The `metadata_container` stores meta information about the dataset and each column such as the type of data, the different names and labelling of columns, the encoding of values in the column. 

Use python `dir` to list public (do not start with '_') functions in `meta`. 

In [84]:
[s for s in dir(meta) if s[0]!='_']

['column_labels',
 'column_names',
 'column_names_to_labels',
 'creation_time',
 'file_encoding',
 'file_format',
 'file_label',
 'missing_ranges',
 'missing_user_values',
 'modification_time',
 'mr_sets',
 'notes',
 'number_columns',
 'number_rows',
 'original_variable_types',
 'readstat_variable_types',
 'table_name',
 'value_labels',
 'variable_alignment',
 'variable_display_width',
 'variable_measure',
 'variable_storage_width',
 'variable_to_label',
 'variable_value_labels']

Some of the above functions might be useful.
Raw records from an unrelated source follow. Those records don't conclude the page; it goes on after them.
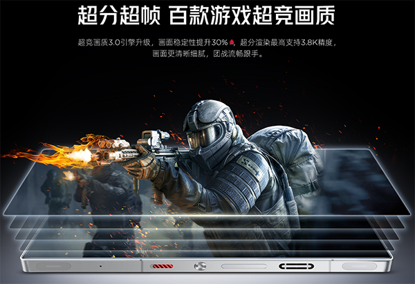 超競畫質3.0技術更支持《QQ飛車》《英雄聯(lián)盟》等超200款手游,畫面穩(wěn)定性提升30%,2K+120Hz超分超幀齊頭并進,將移動端畫質推至3.8K渲染精度。
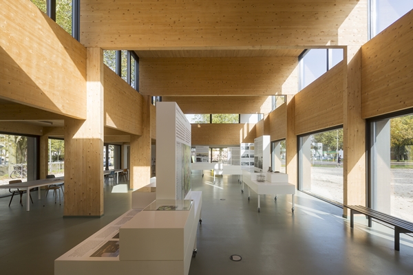 Bovendien zorgt het gebruik van een prefabricatiesysteem voor een goede afwerking bij het beperkte budget en het ontbreken van specifieke houtbouwervaring bij de aannemer. Tegelijkertijd draagt het hout bij aan een aangenaam binnenklimaat, prettig licht en akoestisch comfort.
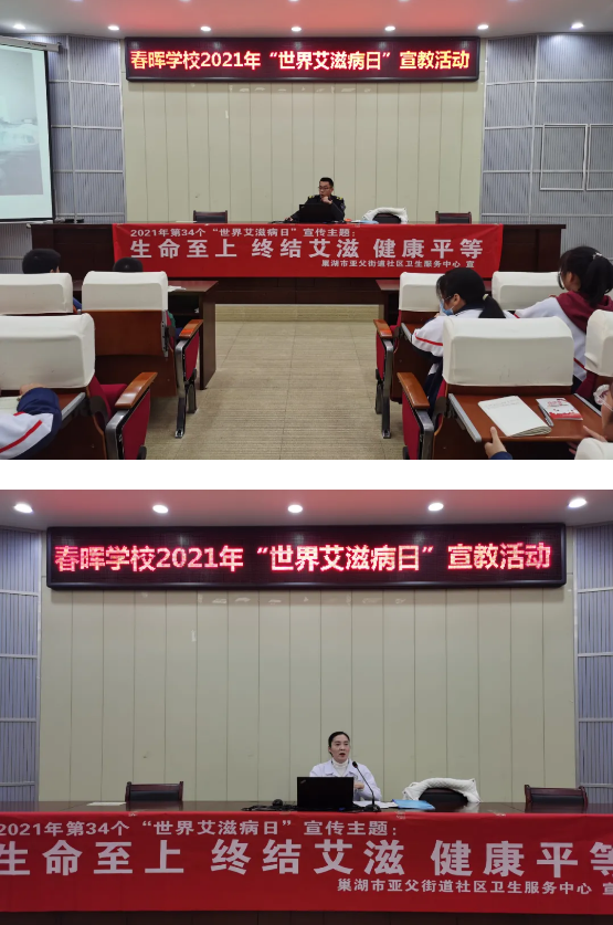 2021年12月1日是第34个“世界艾滋病日”。为普及艾滋病防治知识,增强学生自我健康保护意识,11月26下午,春晖学校邀请亚父社区卫生服务中心防艾工作人员来校开展了防艾知识宣教活动。
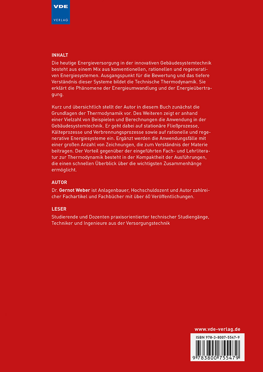 Die heutige Energieversorgung in der innovativen Gebäudesystemtechnik besteht aus einem Mix aus konventionellen, rationellen und regenerativen Energiesystemen. Ausgangspunkt für die Bewertung und das tiefere Verständnis dieser Systeme bildet die Technische Thermodynamik. Sie erklärt die Phänomene der Energieumwandlung und der Energieübertragung.Kurz und übersichtlich stellt der Autor in diesem Buch zunächst die Grundlagen der Thermodynamik vor. Des Weiteren zeigt er anhand einer Vielzahl von Beispielen und Berechnungen die Anwendung in der Gebäudesystemtechnik. Er geht dabei auf stationäre Fließprozesse, Kälteprozesse und Verbrennungsprozesse sowie auf rationelle und regenerative Energiesysteme ein. Ergänzt werden die Anwendungsfälle mit einer großen Anzahl von Zeichnungen, die zum Verständnis der Materie beitragen. Der Vorteil gegenüber der eingeführten Fach- und Lehrliteratur zur Thermodynamik besteht in der Kompaktheit der Ausführungen, die einen schnellen Überblick über die wichtigsten Zusammenhänge ermöglicht.
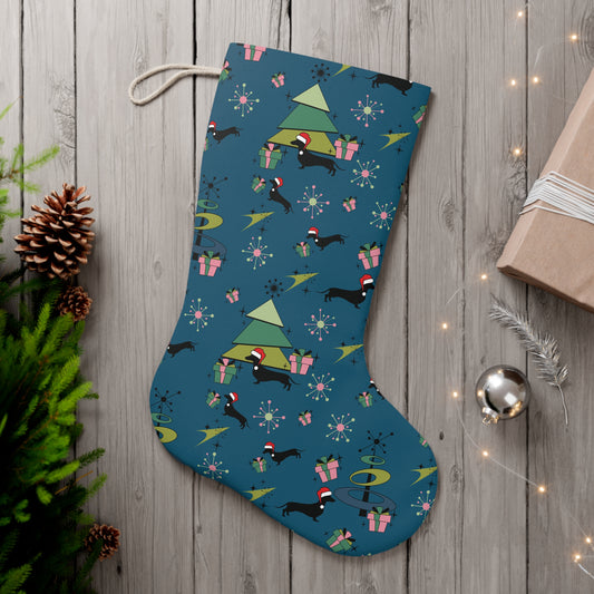 Retro 50's Atomic Dachshund Wiener Dog Mid Century Mod Blue Christmas Stocking
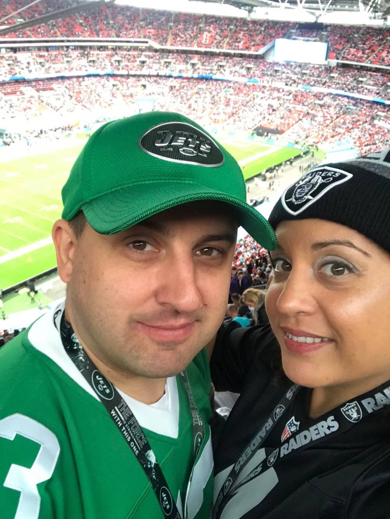Kimmi told me, “We’ve coexisted pretty well as rivals because no matter what stick he’s tried to give me, I’ve just come back with, ‘Well, we have three Super Bowls.’ Doesn’t matter that our last Super Bowl was over four decades ago; it’s two more and still more recent than the Jets’ 1969 Tiffany win! Hahaha! With our teams being in the same conference but different divisions, we play each other quite often, six times since I started following the NFL and the Raiders (from 2014), and in that time, the Silver and Black have a 4-2 winning record against Gang Green. Of those six matchups, we’ve been to two live games—the MetLife in ‘19, where we lost on my actual birthday (devastating) and Allegiant Stadium in ‘23, where we got the W. The other games have been watched on telly, and we’re that invested in seeing the other be more miserable than usual; we even managed to watch a matchup while away in Barcelona back in ’17. I can’t remember who won that time, but I’m going to say the Raiders, as let’s be honest, that’s the most likely outcome! I have to admit that I’m coming across quite mean here, but there is nothing but love. When we’ve not played each other, I’ve cheered for the Jets and he’s rooted for the Raiders. Nonetheless, you’ve never found either of us wearing the other’s team colours; that’s a step too far! We were at MetLife for a Jets vs. Colts game, and I wore my team colours with pride, which meant I stood out like a sore thumb—I got a few boos but also some fist bumps. I will say that both the Jets and Raiders fans we’ve met in the States have always been welcoming, and always curious as to why we’re a house divided.”
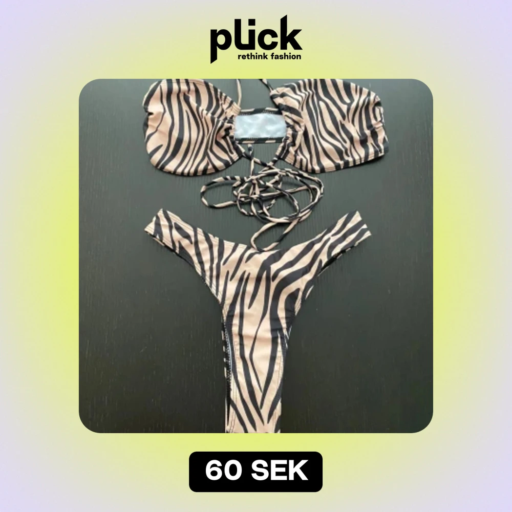 Oanvänd zebra bikini (string) Med passande kjol till Strl M men sitter mer som S Köpare står för frakt Bilder med bikini på skickas inte
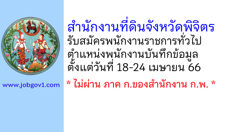 สำนักงานที่ดินจังหวัดพิจิตร รับสมัครพนักงานราชการทั่วไป ตำแหน่งพนักงานบันทึกข้อมูล ตั้งแต่วันที่ 18-24 เมษายน 2566
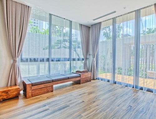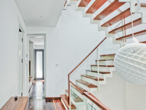 Nhìn từ bên ngoài căn biệt thự toát lên dáng vẻ hiện đại và xanh mát với tông màu chủ đạo là màu trắng, màu ghi, màu đen và màu gỗPhần sân vườn của biệt thự xanh mát với hệ thống cây xanh, bể cá cảnh và những viên gạch với kích cỡ khác nhau đặt trong bể cá tạo thành lối đi độc đáo. Bên cạnh đó với cây tùng khá lớn tạo nên vẻ bề thế cho căn thự.Lối đi vào căn biệt thự được lát gỗ mang đến cảm giác tự nhiên và gần gũi. Đặc biệt với sự kết hợp khéo léo với màu sắc tường và cửa kính trong suốt không hề tạo cảm giác nặng nềKhông gian của tầng 1 là nơi bố trí phòng khách, phòng bếp và phòng ănPhòng khách bố trí sàn gỗ và một bộ bàn ghế bằng gỗ. Bàn ghế được đặt dựa sát vào trong tường kết hợp với việc đặt cạnh cửa kính mang đến không gian tiếp khách, trò chuyện thoáng đãngĐiểm nhấn của không gian phòng khách còn nằm ở khoảng tường vàng phía sau với họa tiết đàn cá bơi lộiKhu tiếp khách với hai phần thoáng và ngập tràn ánh nắng mặt trời bên ngoài khi đặt gần hệ thống cửa kính và có thể phóng tầm mắt ra khoảng cây xanh mát ở sân vườnBàn ăn với chất liệu gỗ, dài và rộng được đặt ở gần cửa kính giúp phòng ăn thoáng đãngThiết kế của căn bếp gọn gàng với nội thất hiện đại và được đặt gần khu vực của phòng ănDiện tích của căn phòng ngủ khá là rộng, với hướng nhìn ra phía bên ngoài mang đến không gian sáng và thoáng cho cả căn phòngNgoài phòng ngủ, tầng 2 còn được bố trí không gian của phòng làm việc và một không gian nghỉ ngơi chung cho các thành viên trong gia đìnhPhòng tắm được bố trí ở trong phòng ngủ chính rộng rãi, thoáng đãng và tiện nghi Lối lên tầng 3 sử dụng chất liệu gỗ sồi và kính trong suốt tạo cảm giác sang trọng và hiện đạiCận cảnh căn biệt thự 2 tầng 110m2 – Phòng ngủ cho con cái ở trên tầng 3. Thiết kế phòng ngủ đơn giản và hiện đại với chất liệu làm bằng gỗ sồiCận cảnh căn biệt thự 2 tầng 110m2 – Phòng vệ sinh bố trí ở trong phòng ngủ. Nội thất tiện nghi tạo cảm giác thông thoáng và hiện đạiCận cảnh căn biệt thự 2 tầng 110m2 – Đặc biệt ở không gian tầng 3 có bố trí một khoảng vườn xanh mát. Đây trở thành không gian nghỉ ngơi, thư giãn thoáng đãng trong nhàCận cảnh căn biệt thự 2 tầng 110m2 – Tầng 4 được bố trí làm không gian phòng thờ và một khoảng sân thông thoáng phía bên ngoài.

But my `get_property` function, defined above, covers nearly all my needs.

## Reversing label encoding 

The two dataframe, `df_p` and `df_s` store similar information. In `df_s` the data has been labeled encoded. Since the mapping for that encoding is stored in `meta` the encoding can be reversed.  

For example, if we take column `BCBG03A` we first perform `value_counts` to see that they store the same distribution, then we can decode the encoded values in `df_s` and verify that it is the same as the original data in `df_p`.  

This is just a curiosity &mdash; we can work with the original dataset, `df_p` without looking at `df_s` &mdash; to test the functionality of `pyreadstat`.

In [85]:
# show same distribution

column = 'BCBG03A' # pick a random column

label = meta.variable_to_label[column]
description = meta.column_names_to_labels[column]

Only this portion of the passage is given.